**YOUR TASK:**
Leave out all pictures. Extract exactly the lines from the one containing "A. 아침 공복이 가장" through the end of the data.

□ □ □ □ □

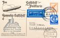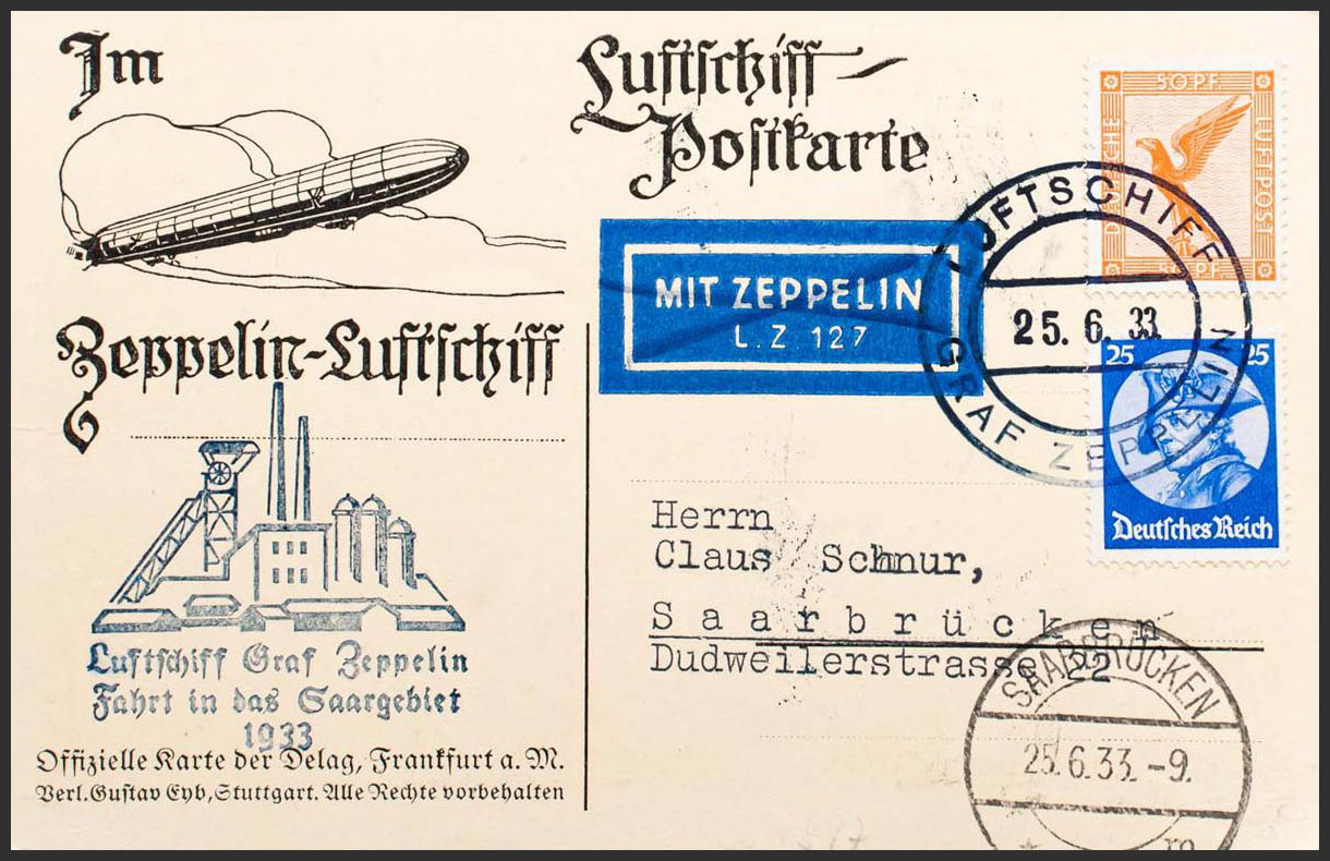 Yvert 469, Aéreo 31. 1933. 25 p ultramar y 50 p naranja. Tarjeta Postal por Graf Zeppelin dirigida a SARRE. En el frente marca LUFTSCHIFF GRAF ZEPPELIN / FAHRT IN DAS SAARGEBIET / 1933, en azul negro y llegada. MAGNIFICA Y RARA.
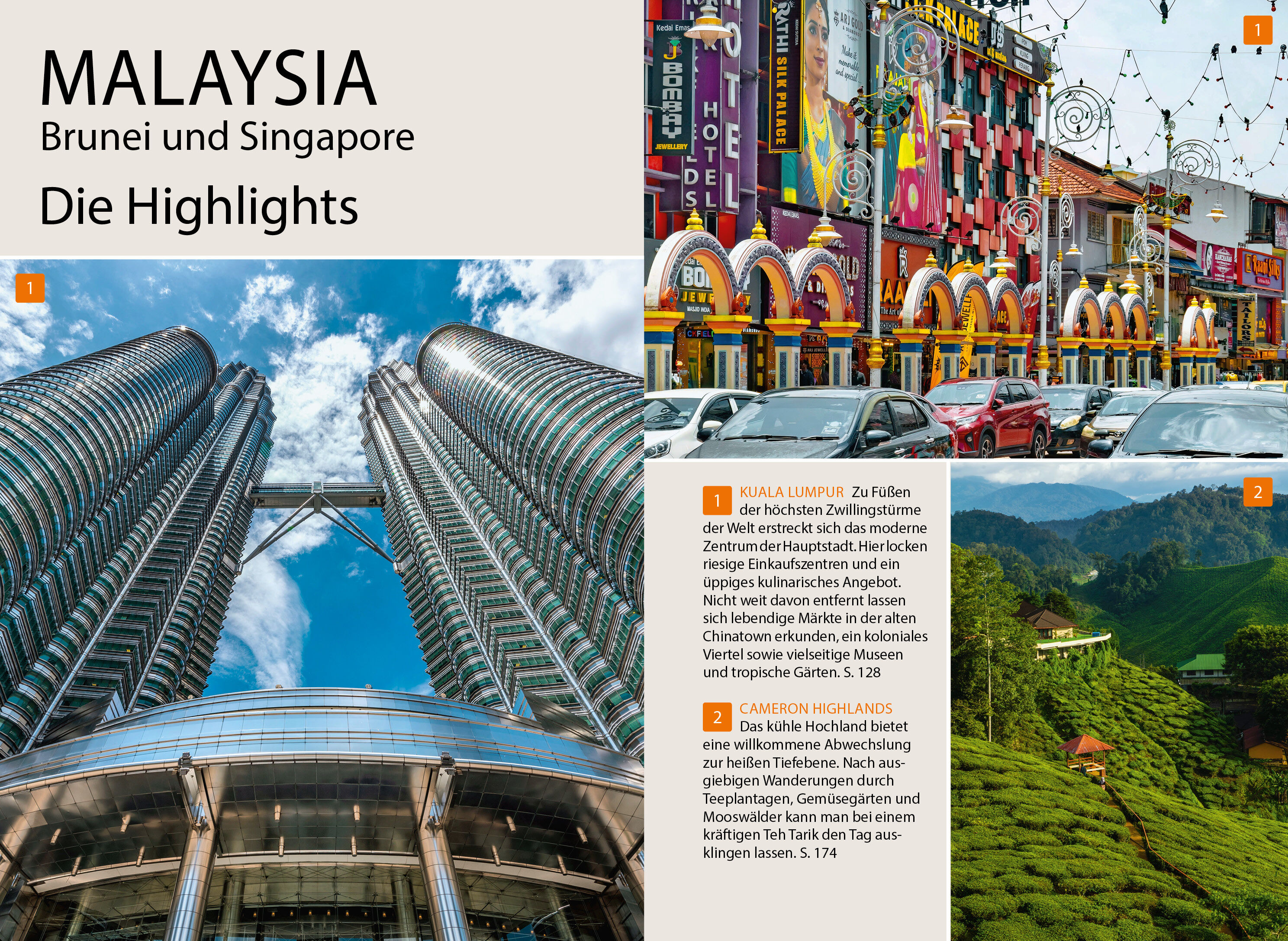 Asiatische Kultur und Tradition, Städte voller Sehenswürdigkeiten und Nachtleben, grüne Teeplantagen und seltene Wildtiere in Nationalparks, abwechslungsreiche Küche, endlose Strände und Inseln mit Korallenriffen Malaysia, Brunei und Singapore sind Ziele für ...
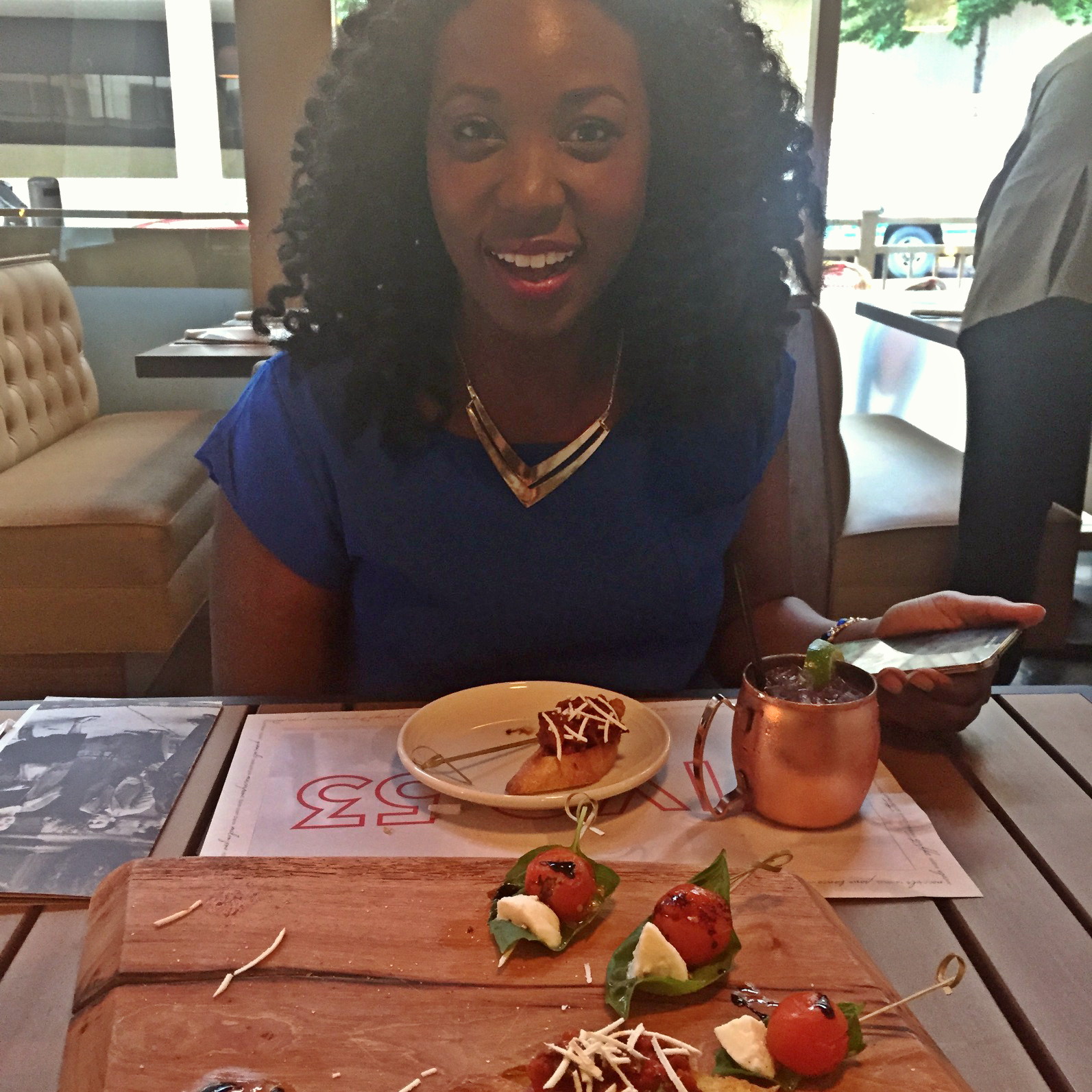 Upon being seated, I was greeted by a friendly waiter named Dallas. He was very knowledgeable and made some great recommendations. My friend and I started off with two drinks, The Italian Mule and the North Texas Breeze.
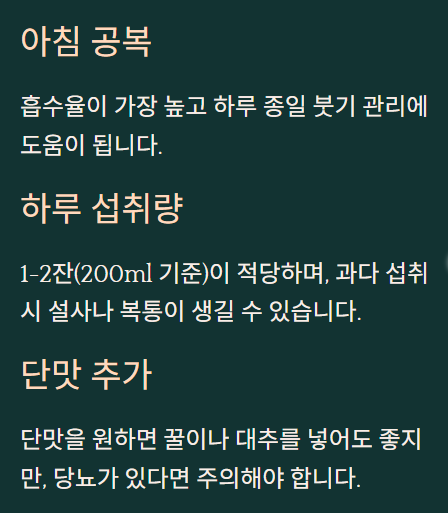 A. 아침 공복이 가장 좋아요. 흡수율도 높고 하루 종일 부기 관리에 도움이 돼요.
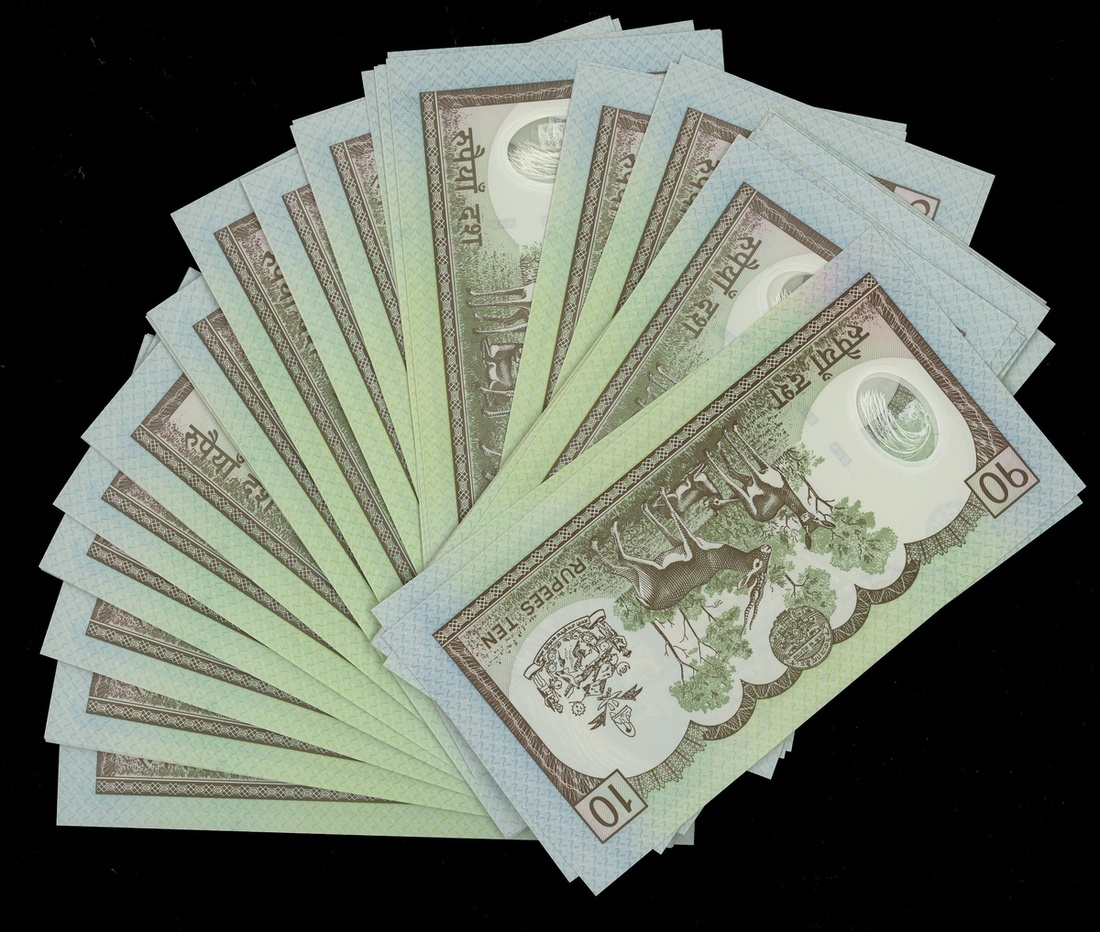 Nepal, group of 63x 10 Rupees, ND (2005-2006), includes consecutive groups, 058015, 017-035, 058331-340, and 121053-057, 059-062,
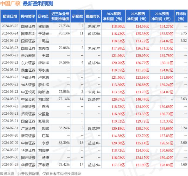 东吴证券有限公司袁理股份有限公司 , 近日,任逸轩对中国广核进行了研究,并发布了2024年的调查报告 中期报告点评:业绩稳定,新获得 6 台湾批准行业领先 & 增长加速,本报告对中国广核进行了买入评级,当前股价为 4.92 元。
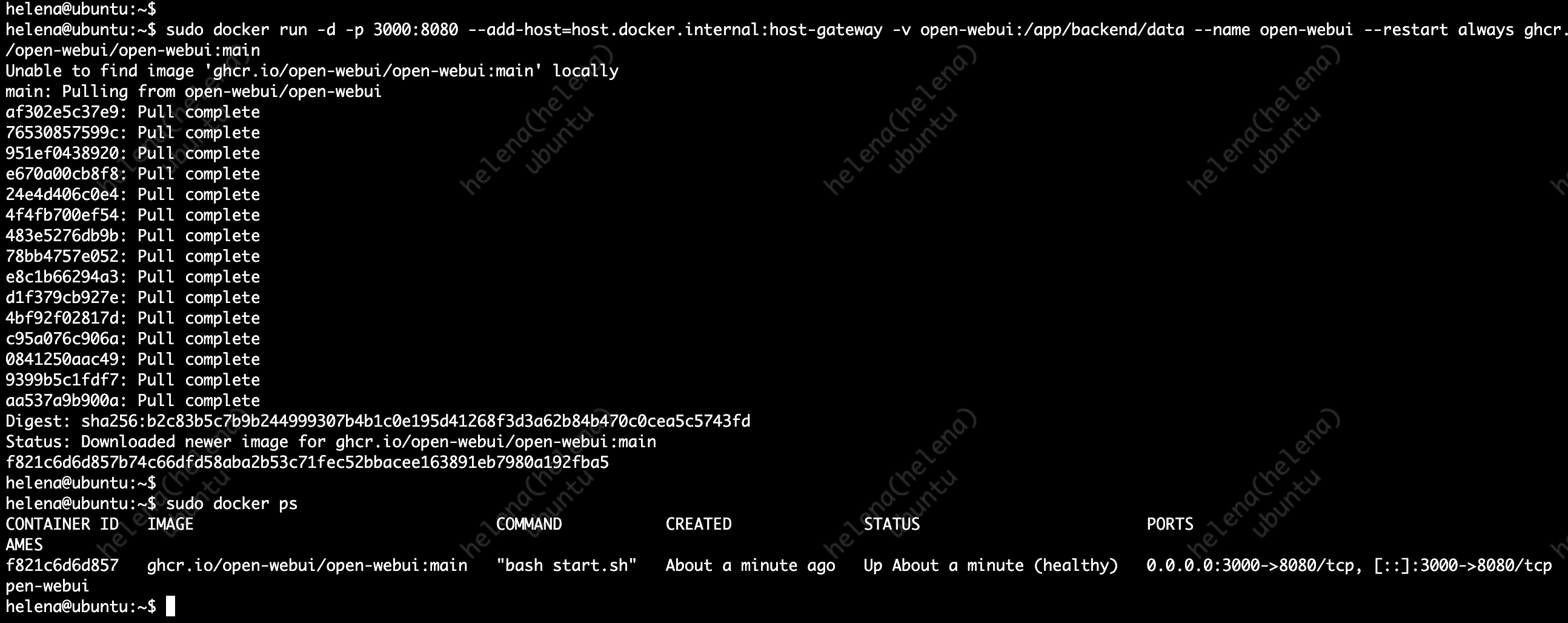 Then open the Open WebUI github page and copy the docker command to pull it onto the local machine

□ □ □ □ □

**RESULT OF THE TASK:**
 A. 아침 공복이 가장 좋아요. 흡수율도 높고 하루 종일 부기 관리에 도움이 돼요.
 Nepal, group of 63x 10 Rupees, ND (2005-2006), includes consecutive groups, 058015, 017-035, 058331-340, and 121053-057, 059-062,
 东吴证券有限公司袁理股份有限公司 , 近日,任逸轩对中国广核进行了研究,并发布了2024年的调查报告 中期报告点评:业绩稳定,新获得 6 台湾批准行业领先 & 增长加速,本报告对中国广核进行了买入评级,当前股价为 4.92 元。
 Then open the Open WebUI github page and copy the docker command to pull it onto the local machine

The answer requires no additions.